(Items from a data source)
········
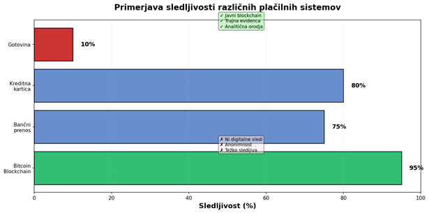 | Sledljivost | ✗ Minimalna | ✓ 100% blockchain evidenca |
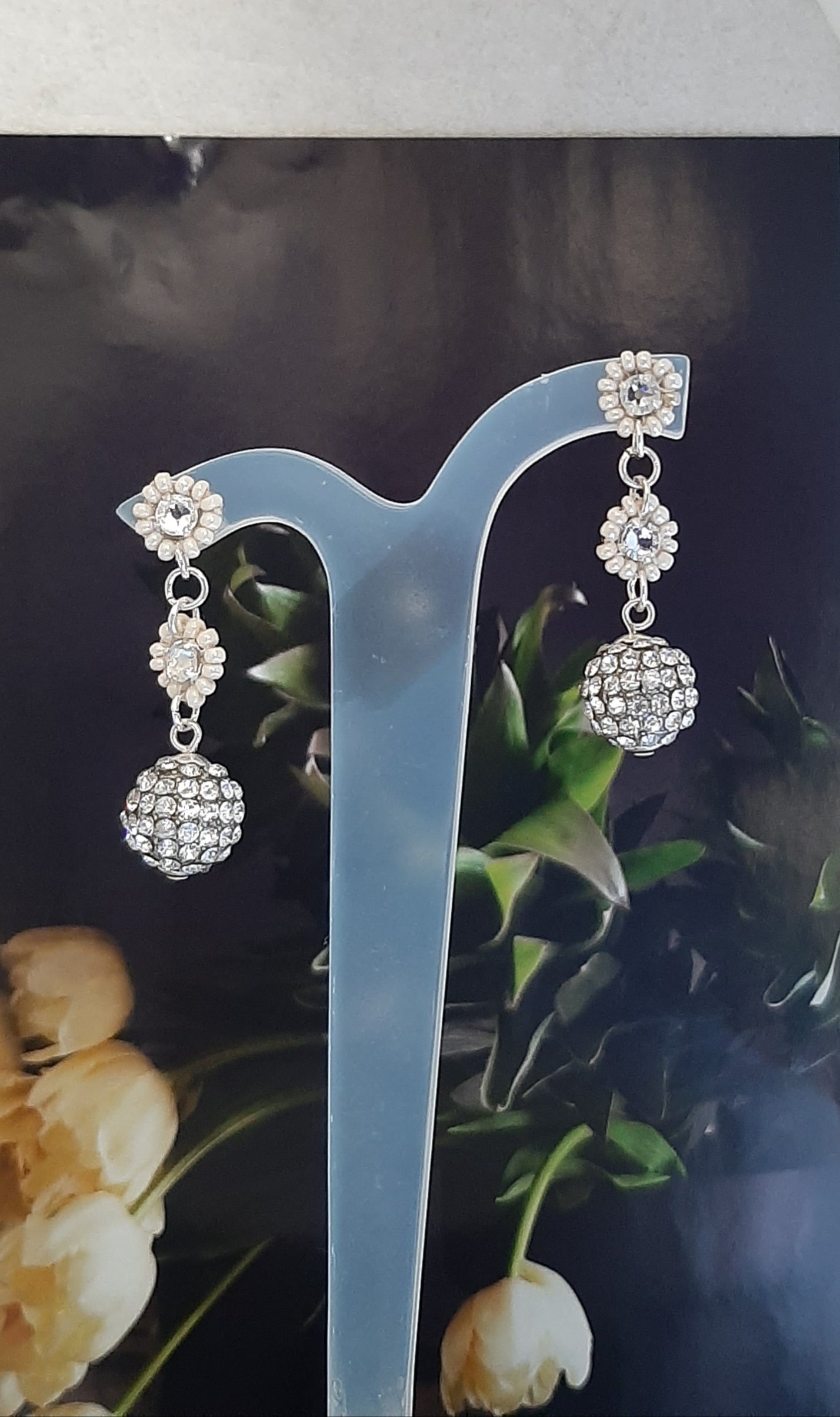 Just the right amount of sparkle for these heavenly and intricate, silver and crystal pave balls suspended from Swarovski crystal rhinestone flower shaped earstuds and drop.
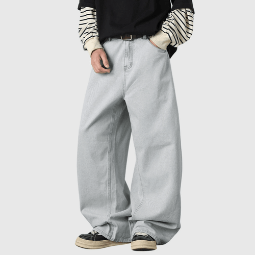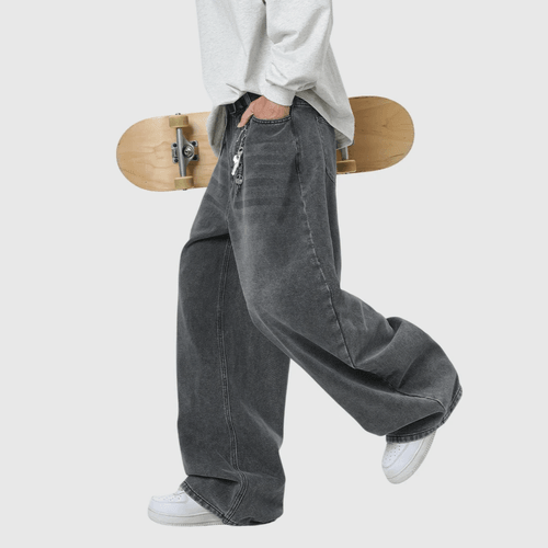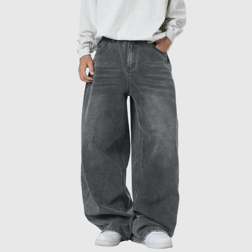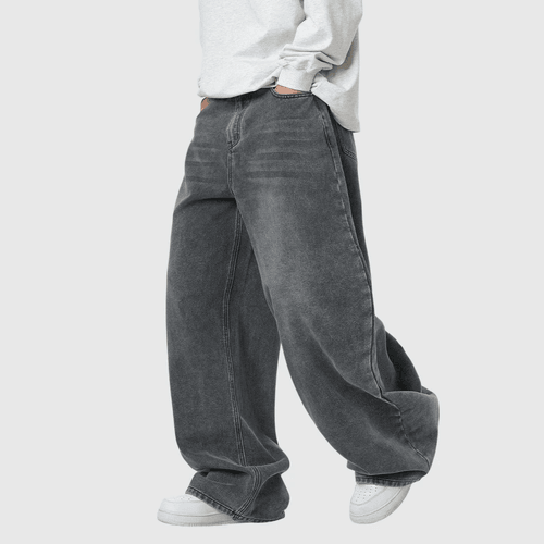 復古基礎洗水做舊 闊腳牛仔直筒 BAGGY 錐形長褲 [SBP-1193]
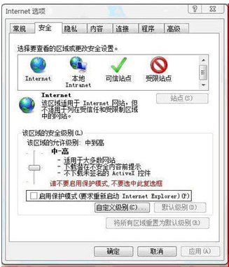 ?、热绻荲ista或win7(某些版本有保護模式)操作系統(tǒng)用戶,請按照下圖將IE受保護模式取消。
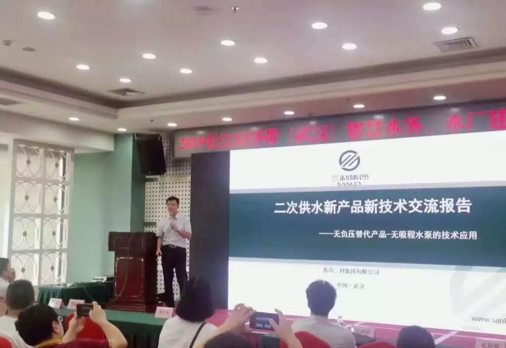 会场内,青岛三利集团湖北分公司总经理王兆超就“二次供水新产品、新技术”进行技术交流和报告学习。由三利公司结合27年供水设备生产研发经验,自主研发生产具有独特技术的“无吸程智能变速泵”问世,并且迅速在市场铺开,赢得全国各地各个客户的一致好评。其体积小,占地少,不用控制柜,不用PLC,不用低压电器,取消稳流补偿器,取消真空抑制器,全自动运行,无人值守等各项先进技术优势。环视会场,业界同行还在做无负压、水箱。而三利集团,已经悄然掀起了“第二次供水革命”,取代无负压产品,采用更高效先进集成的无吸程智能变频水泵来确保供水保障!
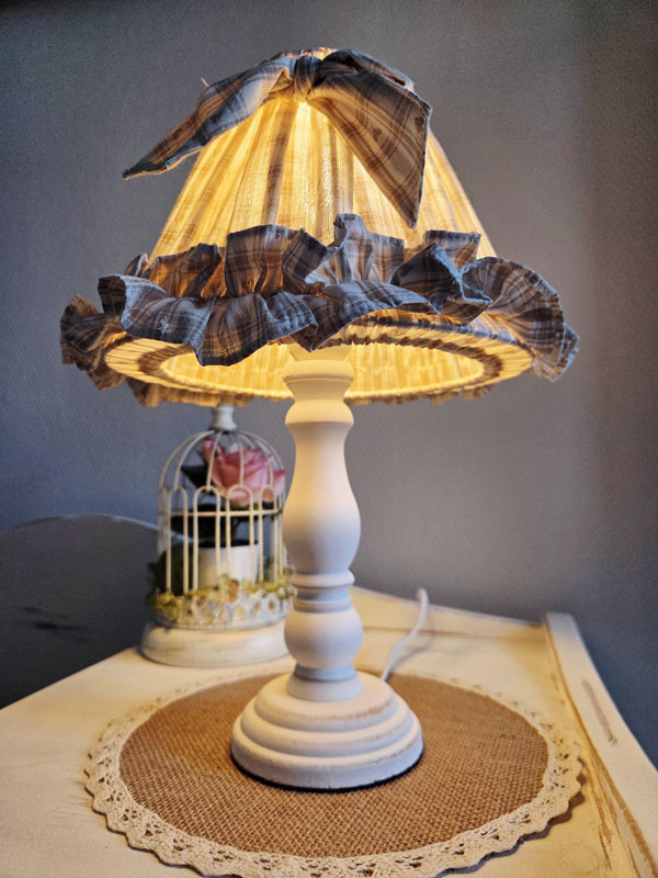 Lampenschirm mit Rüschen & Schleife im typischen Landhausstil
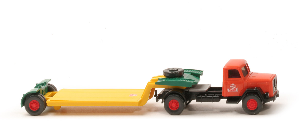 Durch neu entwickeltes Chassis für den Saturn möglich gewordener Sattelzug. Modell mit sehr spielzeughafter bunter Anmutung. |
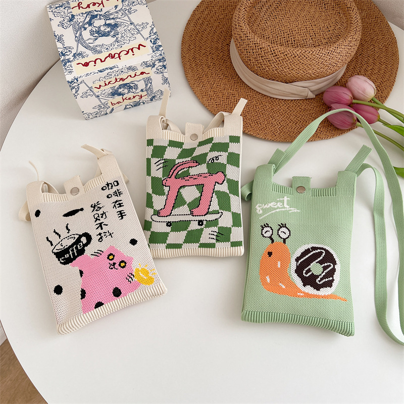 | nameOriginal | 2024 New Japanese and Korean Cute Cartoon Knitted Mobile Phone Bag Women's Crossbody Small Bag for Spring and Summer Travel Portable Coin Purse  |
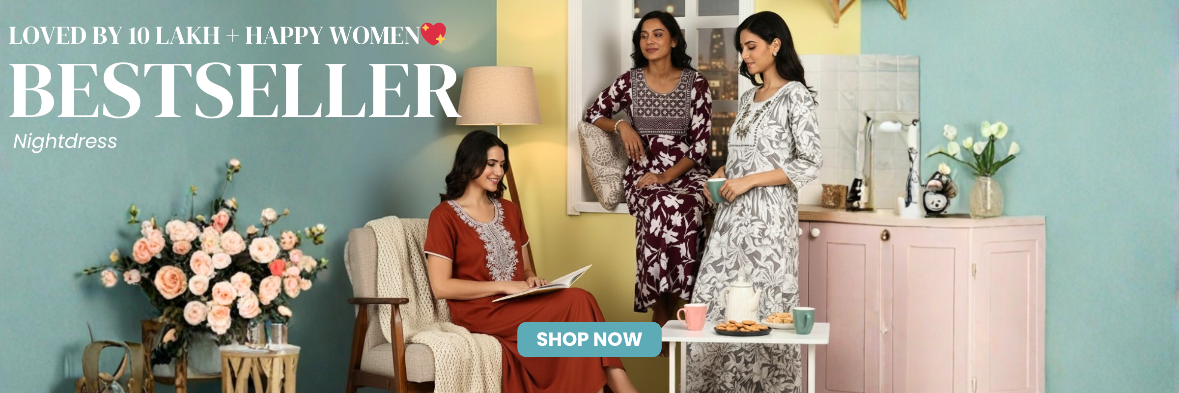 Looking for the perfect nighty for women? Our Best Seller collection offers a curated selection of customer favorites, designed for both style and comfort. Whether you're after a cozy nighty dress, a chic long nighty for ladies, or a versatile kaftan, each piece ensures a restful and fashionable night’s sleep. Shop now to discover why these nightwear pieces are loved by women everywhere.
········
▸ Problem statement: Could you repeat every record exactly as written, with the pictures left out?

▸ Exercise solution:
 | Sledljivost | ✗ Minimalna | ✓ 100% blockchain evidenca |
 Just the right amount of sparkle for these heavenly and intricate, silver and crystal pave balls suspended from Swarovski crystal rhinestone flower shaped earstuds and drop.
 復古基礎洗水做舊 闊腳牛仔直筒 BAGGY 錐形長褲 [SBP-1193]
 ?、热绻荲ista或win7(某些版本有保護模式)操作系統(tǒng)用戶,請按照下圖將IE受保護模式取消。
 会场内,青岛三利集团湖北分公司总经理王兆超就“二次供水新产品、新技术”进行技术交流和报告学习。由三利公司结合27年供水设备生产研发经验,自主研发生产具有独特技术的“无吸程智能变速泵”问世,并且迅速在市场铺开,赢得全国各地各个客户的一致好评。其体积小,占地少,不用控制柜,不用PLC,不用低压电器,取消稳流补偿器,取消真空抑制器,全自动运行,无人值守等各项先进技术优势。环视会场,业界同行还在做无负压、水箱。而三利集团,已经悄然掀起了“第二次供水革命”,取代无负压产品,采用更高效先进集成的无吸程智能变频水泵来确保供水保障!
 Lampenschirm mit Rüschen & Schleife im typischen Landhausstil
 Durch neu entwickeltes Chassis für den Saturn möglich gewordener Sattelzug. Modell mit sehr spielzeughafter bunter Anmutung. |
 | nameOriginal | 2024 New Japanese and Korean Cute Cartoon Knitted Mobile Phone Bag Women's Crossbody Small Bag for Spring and Summer Travel Portable Coin Purse  |
 Looking for the perfect nighty for women? Our Best Seller collection offers a curated selection of customer favorites, designed for both style and comfort. Whether you're after a cozy nighty dress, a chic long nighty for ladies, or a versatile kaftan, each piece ensures a restful and fashionable night’s sleep. Shop now to discover why these nightwear pieces are loved by women everywhere.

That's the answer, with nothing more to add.